#### [EXERCISE]
Write out the entries below exactly, starting at the first line and stopping after the line that contains "Nighttime view of"; skip all pictures.

#### [DATA SHOWN]
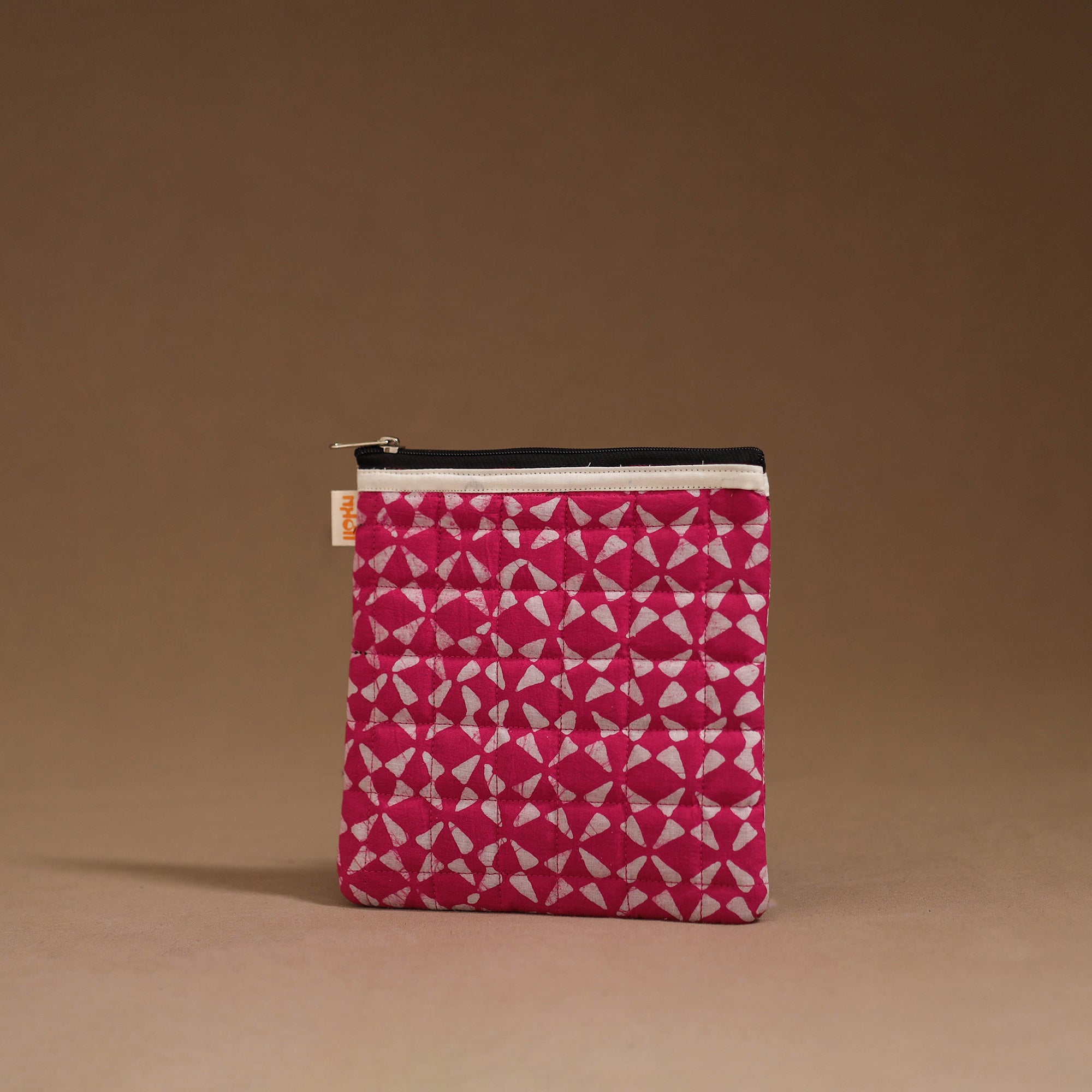 Quilted utility pouch is made using indian handmade cotton textiles. It features a zip-lock main closure with ample space for essentials, while the foam lining adds durability and protection, making it perfect for travel and everyday organization needs.
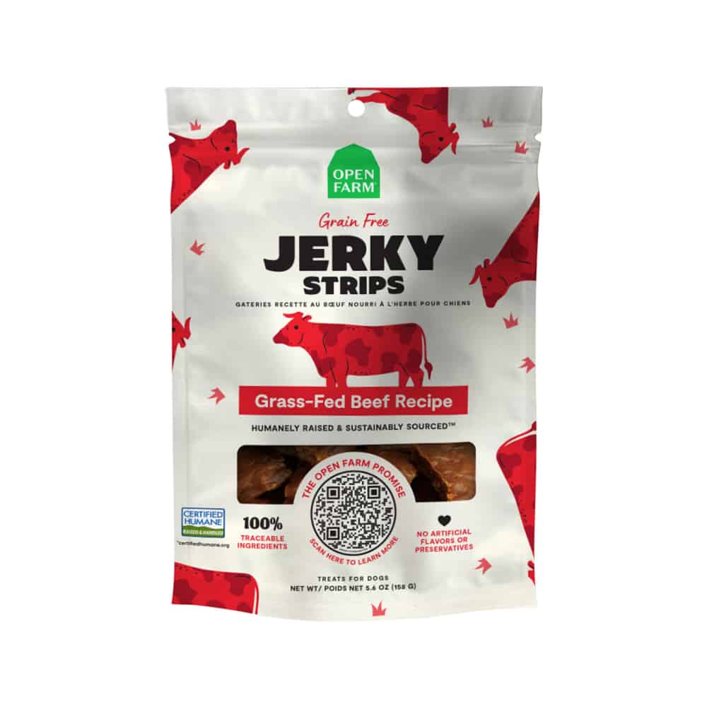 What is Open Farm Grain Free Jerky Strips Grass-Fed Beef Recipe Dog Treats?
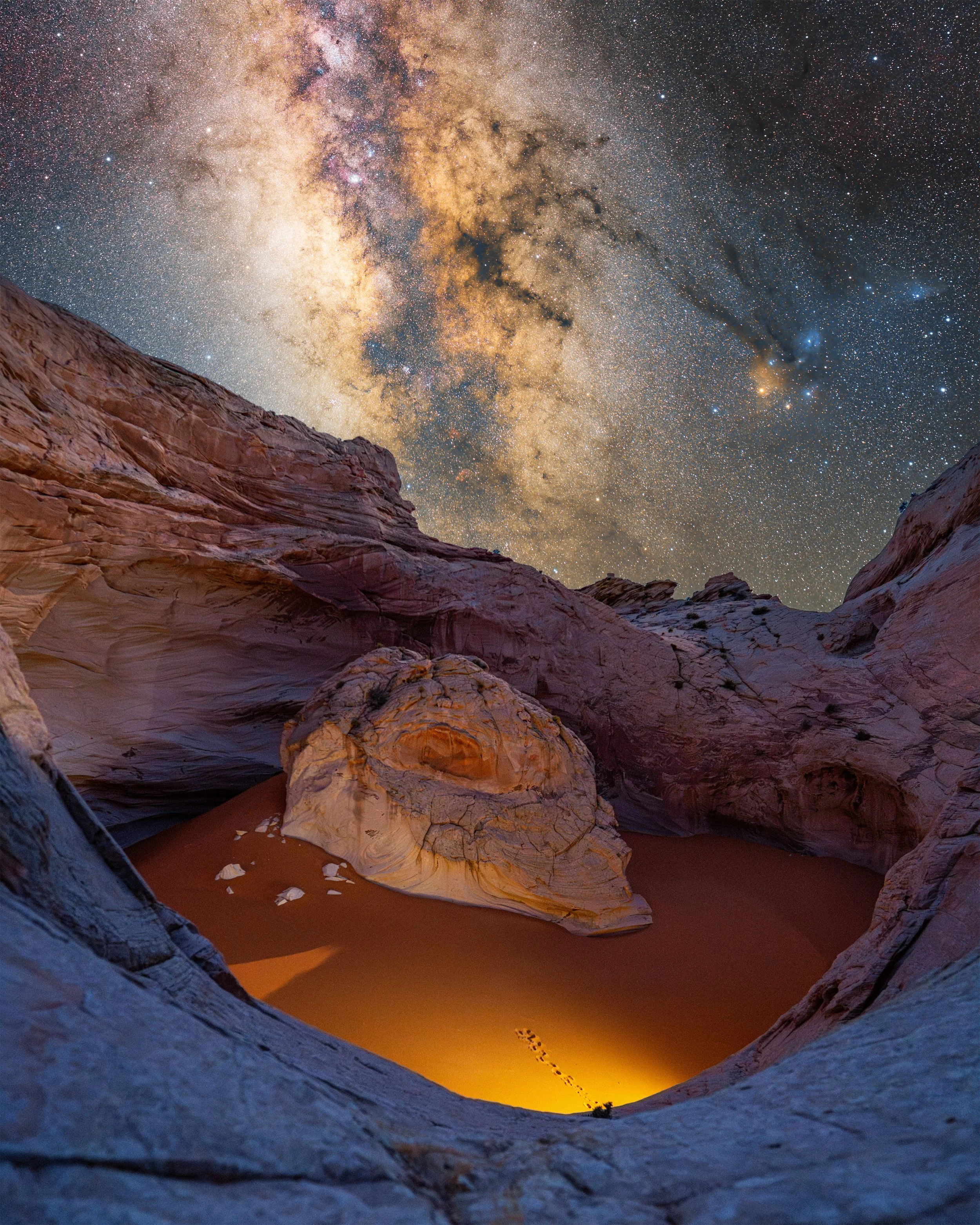 Nighttime view of a canyon with layered, colorful rock formations under a star-filled sky and the Milky Way galaxy overhead at the Wave in Northern Arizona.
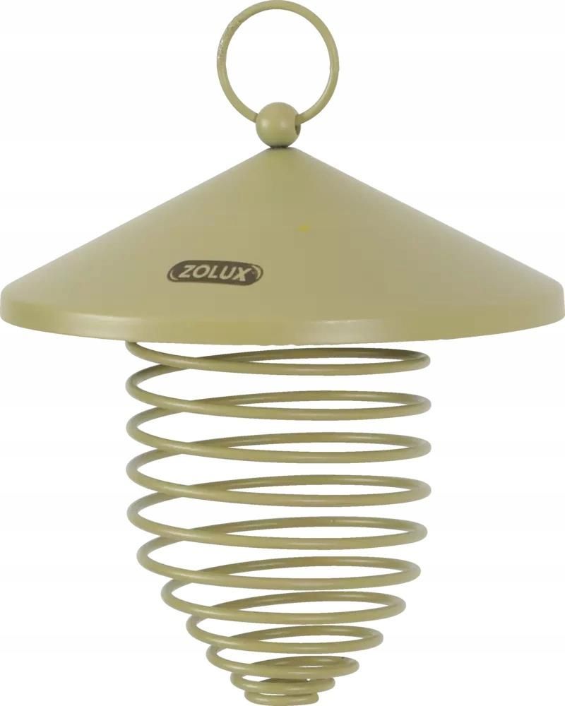 METALOWA SPIRALA - KARMNIK NA KULE TŁUSZCZOWE Z DASZKIEM - ZOLUX DUŻY Duża spirala na kule tłuszczowe przeznaczona do powieszenia na balkonie lub w ogrodzie. Niezastąpiona zwłaszcza w zimowe dni i wyczekiwana szczególnie przez sikorki. Karmnik jest zbudowany z drutu powlekanego, który tworzy sprężynę, po włożeniu kul sam wraca do poprzednich wymiarów i utrzymuje kule w środku. Daszek chroni kulki przed deszczem i śniegiem. Staraj się wieszać kule tam, gdzie ptaki mają gdzie usiąść. Przed włożeniem kulek do spirali, najlepiej wyciągnąć je z siatki. Staraj się wieszać kule tam, gdzie ptaki mają gdzie usiąść. Przed włożeniem kulek do spirali, najlepiej wyciągnąć je z siatki. PARAMETRY Wymiary wysokość spirali: 21 cm średnica spirali w najszerszym miejscu: 7,5 cm wysokość karmnika (z uchwytem) 27 cm Kolor: SZARY LUB OLIWKA WYSYŁANY LOSOWO W ZALEŻNOŚCI OD ZATOWAROWANIA SKLEPU. W SPRALI MIESZCZĄ SIĘ 3-4 KULE 90 G. KARMNIK SPRZEDAWANY BEZ KUL.
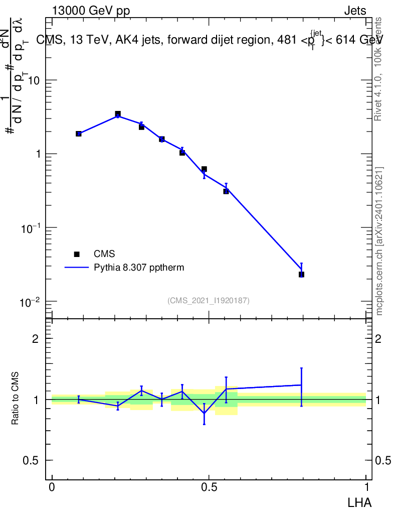 Lines: data, pythia8 8.307 pptherm |
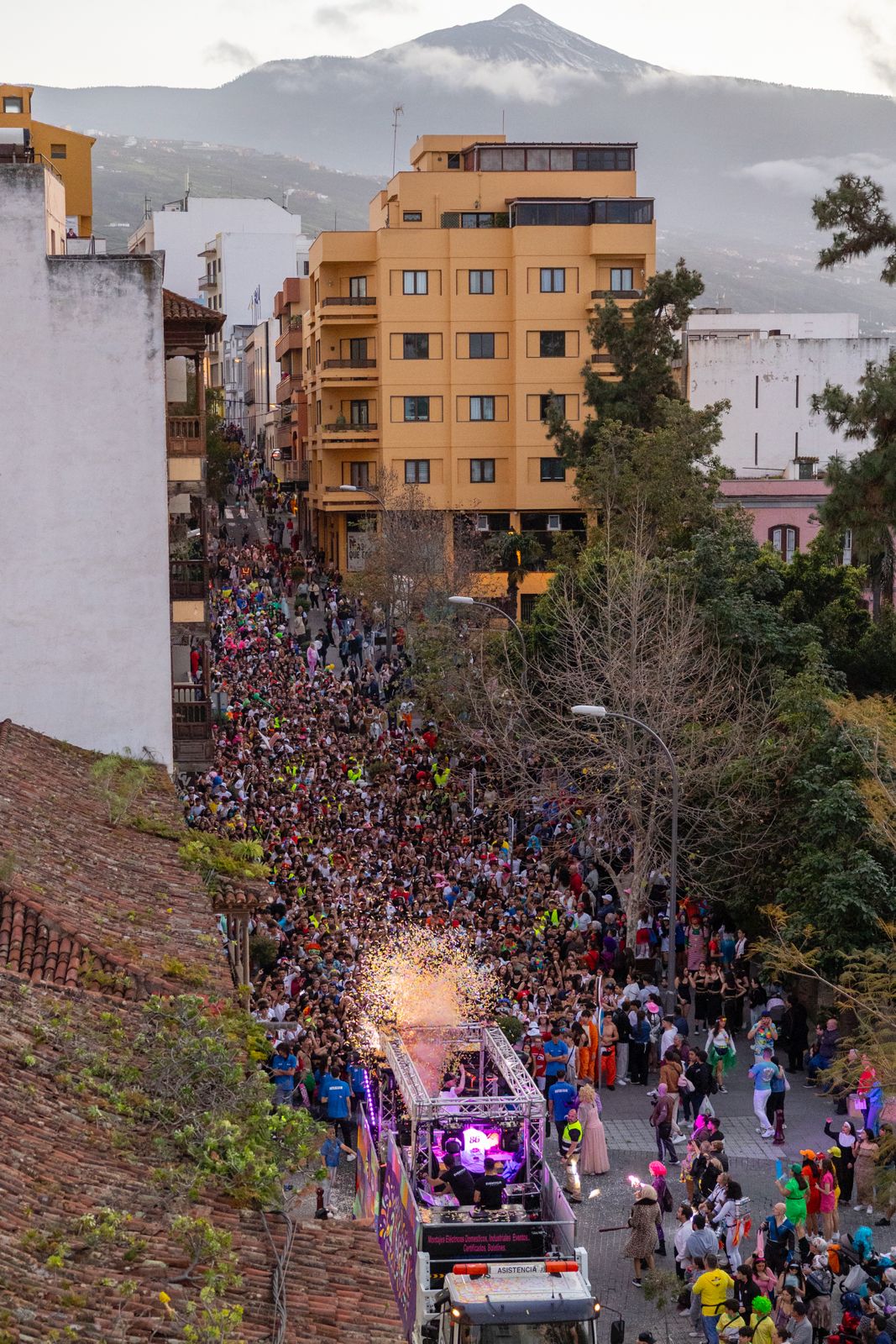 Entre otros colectivos se contó con las murgas Virgueritos, Trinkosos, Pizzicatos, Minivirgues, Los Tiralenguas, Las Diabólicas y Frikywikys; la rondalla Volcanes del Teide; las comparsas y batucadas los Villeros, Percusión Social Bloko La Orotava; Carabao Wayana; Barabere; Kanadu y Ay Caramba de Los Cristianos; las fanfarrias Peña El Casco y de Puerto de la Cruz; los grupos coreográficos Wild Dance, Vicente Oramas Díaz y Chaxiraxi; grupos de disfraces, carrozas temáticas y con música ambiente. En el desfile se contó con coches engalanados y la guagua-discoteca a la que siguieron miles de jóvenes. El alcalde Francisco Linares y el concejal de Fiestas, Alexis Pacheco, junto a otros miembros de la corporación municipal, participaron en el coso.

#### [WRITTEN RESPONSE]
 Quilted utility pouch is made using indian handmade cotton textiles. It features a zip-lock main closure with ample space for essentials, while the foam lining adds durability and protection, making it perfect for travel and everyday organization needs.
 What is Open Farm Grain Free Jerky Strips Grass-Fed Beef Recipe Dog Treats?
 Nighttime view of a canyon with layered, colorful rock formations under a star-filled sky and the Milky Way galaxy overhead at the Wave in Northern Arizona.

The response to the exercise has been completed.